Che esperienza è stata?
"Mi sono trovato molto bene. Ero in una megalopoli come Sao Paulo, un po' come vivere a New York. Eravamo nel 1995 e già allora lì trovavi i ristoranti aperti 24 ore su 24, quando a Parma faticavi a trovare un bar aperto dopo le 22. A livello sportivo ho avuto un problema col tecnico Carlos Alberto: fece un'intervista nella quale ammetteva di non essere d'accordo con la società sul mio acquisto, disse che non ero Baggio. Per fortuna i giocatori si schierarono con me. Ho avuto la possibilità di giocare con Cafu, Rivaldo, Marcos, Djalminha, Antonio Carlos Zago. Abbiamo vinto anche il campionato paulista, mi sono portato a casa un trofeo. Ho giochicchiato, non ero titolare. Con l'arrivo di Vanderlei Luxemburgo ho avuto più chances. Certo, non era facile giocare in quel gruppo, mi sono ritagliato il mio spazio anche se non mi sono sentito tutelato in quanto straniero, potevano darmi più chances ma è stata una bellissima esperienza".

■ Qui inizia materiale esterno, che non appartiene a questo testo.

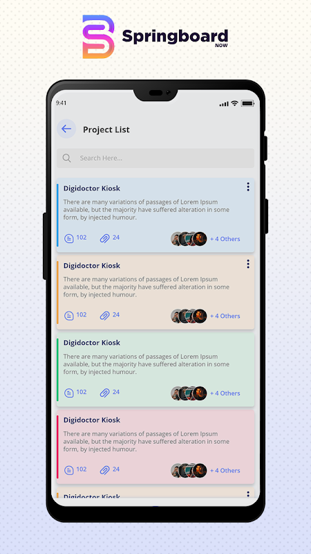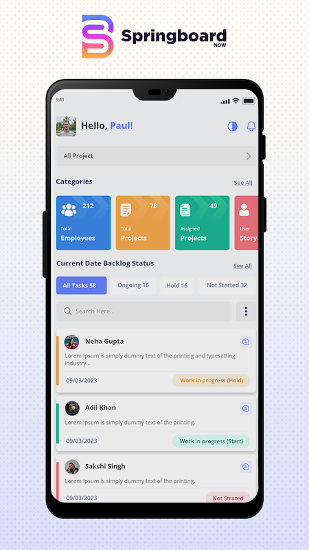 Springboard Now admin, which can track the project working status, and the daily basis task of the developer. admin can create all masters like Designation master, Department master, project master, project type master, Assign project master, Organization master and user master. admin can assign the project to TLDeveloper and Developer.TLDeveloper can track the daily task and create daily tasks for the developer.TLDeveloper can create a Module master, Storyboard, Timeline and Task board. The developer can update the work status daily basis with tasks like in progress, Completed, Hold, and Start. Tester can test the project and raise a ticket to the major, minor and critical bugs.
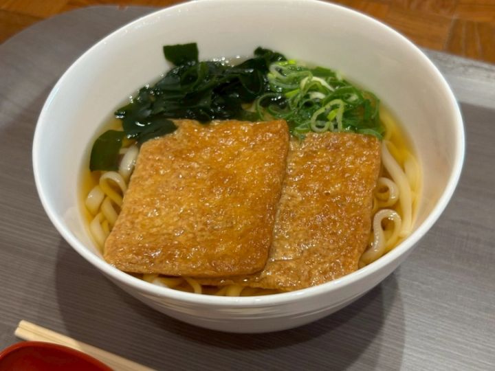 今回は夕食としてきつねうどんをいただいたのですが、優しいお出汁と甘いお揚げが疲れた身体に染み渡りました〜♡

Un aneddoto sull'esperienza brasiliana?
"Sembra assurdo ma ai tempi spostavano le partite per le telenovelas. Abbiamo giocato molte partite fuori orario per non andare in concomitanza con la telenovela del momento. Roba da non credere. E anche il carnevale, altro evento che ferma tutto. O i campionati di samba, dove anche lì ci sono meccanismi di con promozione e retrocessione".

Giocatore più forte col quale ha giocato?
"Ne dico due: Cafu e Asprilla. Tino in quegli anni lì era tra i primi 5 al mondo: aveva forza fisica, tecnica, acrobazia, tutto. Ricordo che in una partita zoppicava per un taglio che gli aveva lacerato i muscoli, entrò nel secondo tempo e fece la differenza. Ricordo anche un altro episodio su di lui".

Prego
"Avete presente la punizione al Milan, che ha tolto l'imbattibilità dopo 58 partite ai rossoneri? Non doveva essere lui a calciarla. Dieci minuti prima ne calcio una al terzo anello di San Siro. Toccava a me successivamente tirare, avevo persino messo a posto il pallone pronto a calciare. Arriva lui e persino contro la volontà di Scala, decide di calciare. E la mette all'incrocio".

Deluso dal Parma?
"Della squadra dei miei tempi tutti in qualche modo sono entrati. Io non sono mai stato chiamato, mai consultato. In molti sono stati contattati per allenare il settore giovanile, io no. Eppure ho allenato per anni. Magari perché mi sono sempre fatto gli affari miei, sicuramente le cose te le devi cercare e io magari sono stato un po' orso. Quel che ho fatto nella mia carriera me lo sono guadagnato, ma potevo restare sul pezzo e invece mi sono accontentato di ciò che la fortuna mi ha dato. Ho fatto un po' il solitario. Anche quando giocavo ho avuto qualche problema con i procuratori, certe cose non mi andavano bene e non sono stato diplomatico. Adesso è pure peggio: gente come Raiola fa il bello e il brutto di qualsiasi società e questo non va bene. Secondo me se un giocatore è bravo deve andare avanti nella sua strada, poi ci sono consulenti e avvocati che ti possono dare una mano".